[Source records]
------------------------------------------------

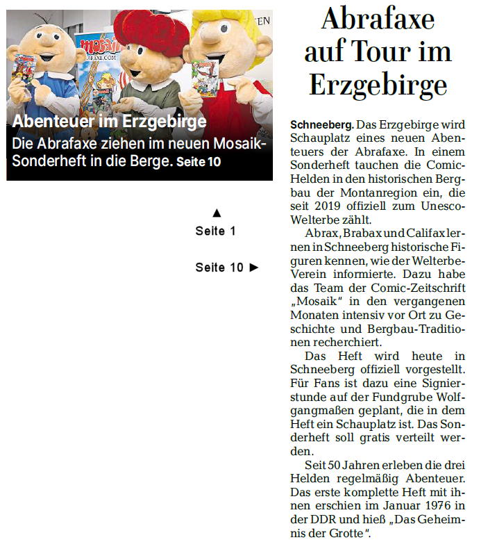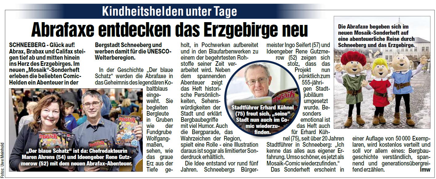 Unter dem Titel Mosaik-Abenteuer in Schneeberg – Die Abrafaxe unter Tage
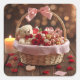 Pegatina Cuadrada Cute Teddy Rose Basket Valentine Heart
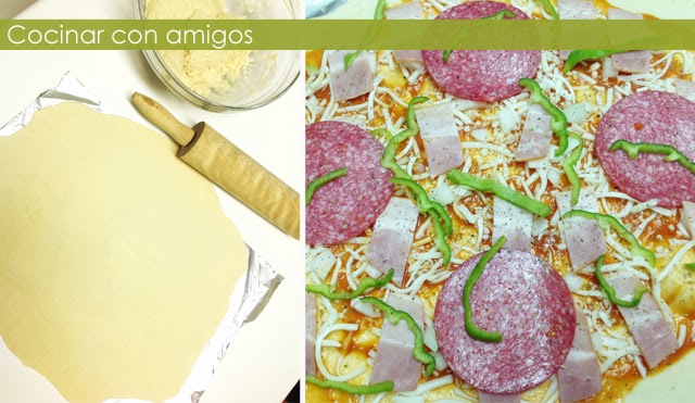 Cubrimos con los ingredientes, esta iría preparada por este orden: tomate frito, orégano, mozzarella, cebolla picada, bacon, salami, pimiento verde, orégano y chili molido (Foto 2-2).
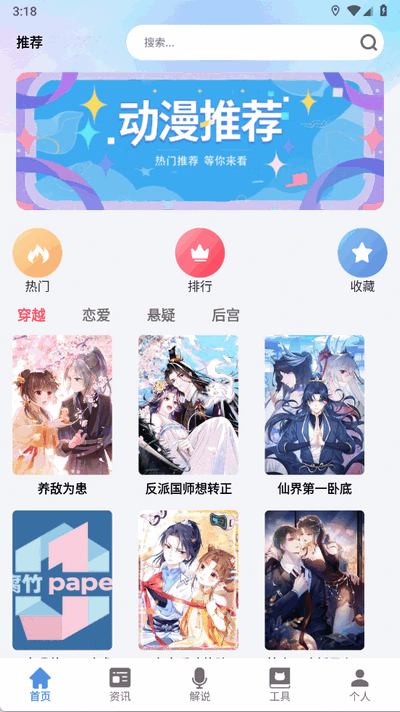 1、在首页中提供了热门、排行以及收藏等版块,同时可阅读穿越、恋爱、悬疑以及后宫四大类型的漫画简介;
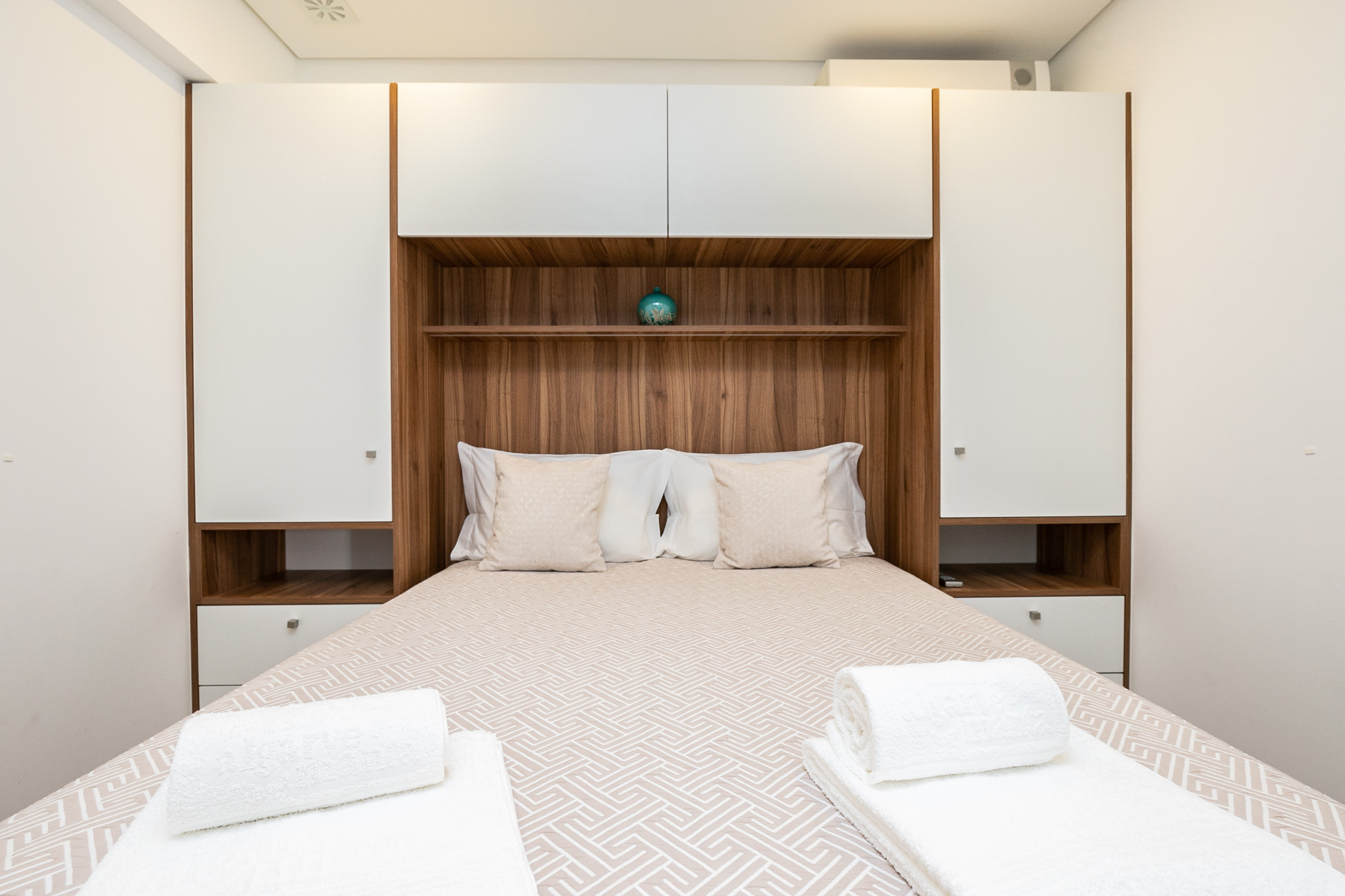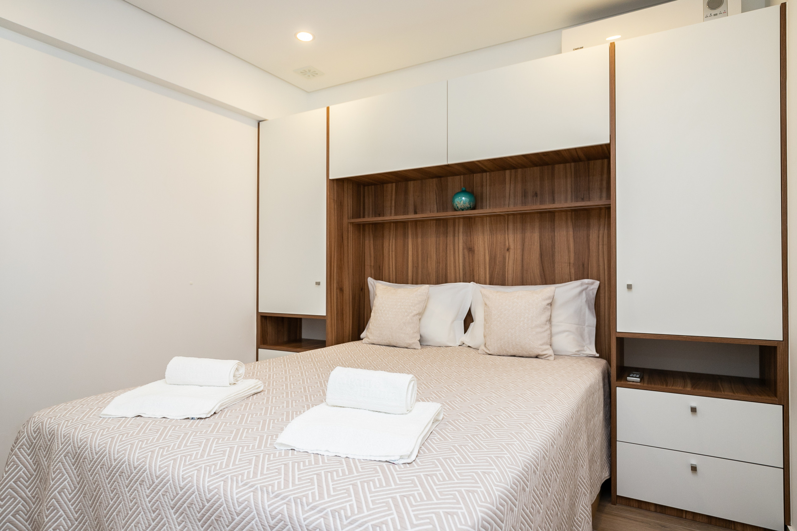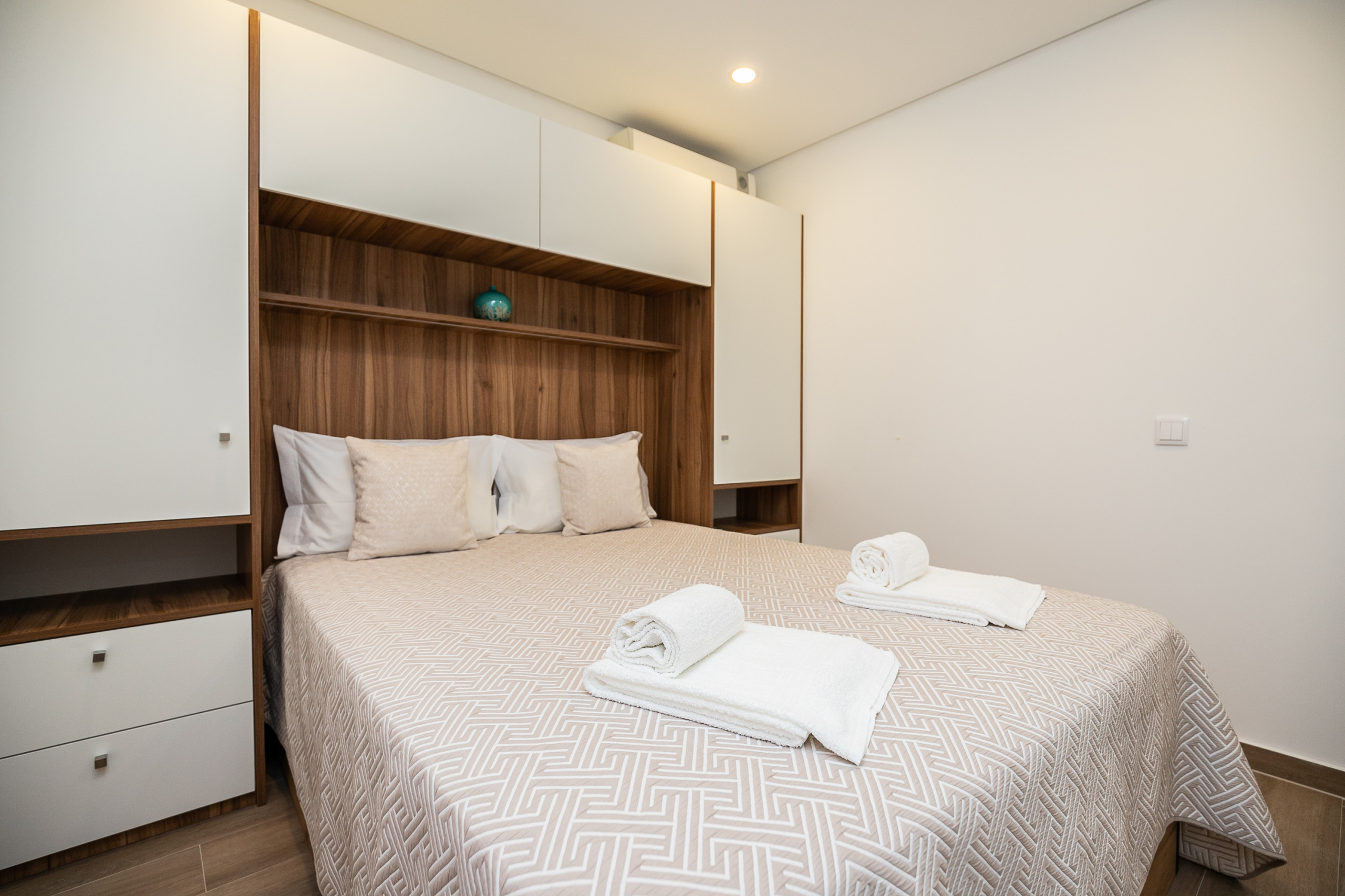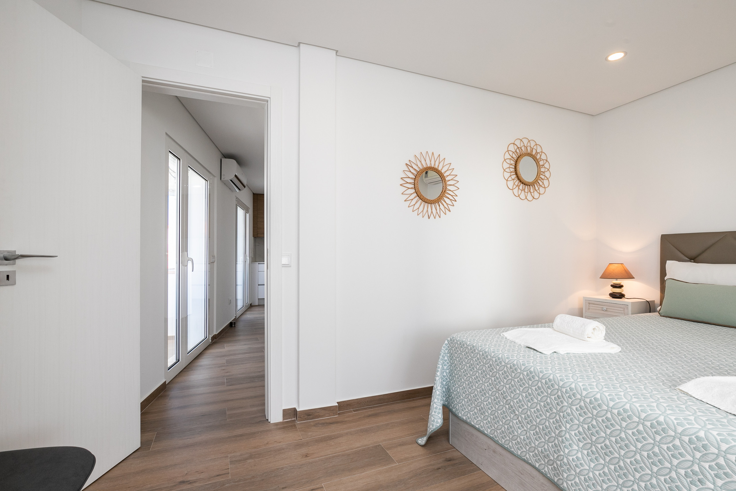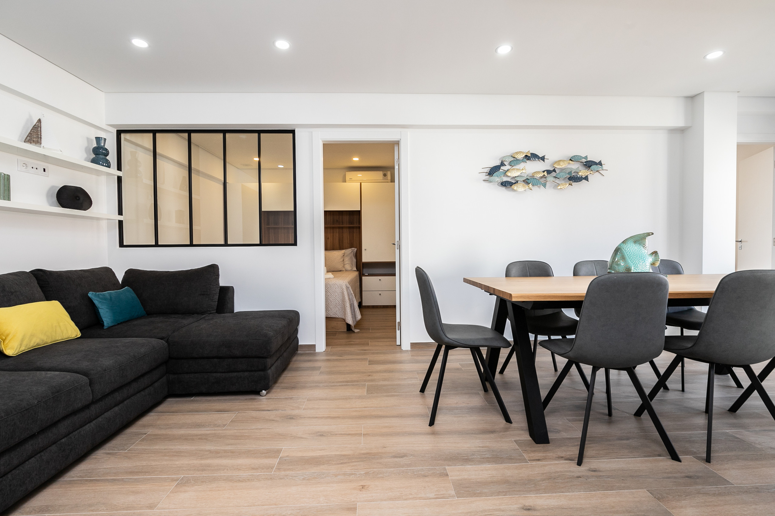 El apartamento cuenta con una habitación cómoda equipada con una cama de matrimonio y un sofá-cama, permitiendo alojar cómodamente hasta 4 personas. La luminosidad y el diseño moderno crean un ambiente acogedor y relajante, perfecto para descansar después de un día de playa o exploración.
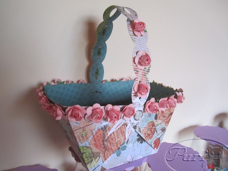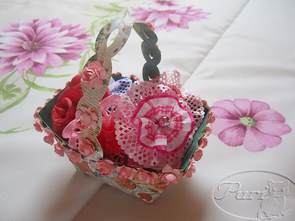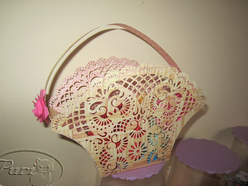 Estas cestitas las he cortado con mi cameo en papel de doble cara de corado...las flores que estan dentro tambien son casi todas realizadas por mi...

------------------------------------------------

About this task: Output only the lines above from the one containing "Cubrimos con los" to the one containing "1、在首页中提供了热门、排行", both included, exactly as written and with no pictures.

Exercise result:
 Cubrimos con los ingredientes, esta iría preparada por este orden: tomate frito, orégano, mozzarella, cebolla picada, bacon, salami, pimiento verde, orégano y chili molido (Foto 2-2).
 1、在首页中提供了热门、排行以及收藏等版块,同时可阅读穿越、恋爱、悬疑以及后宫四大类型的漫画简介;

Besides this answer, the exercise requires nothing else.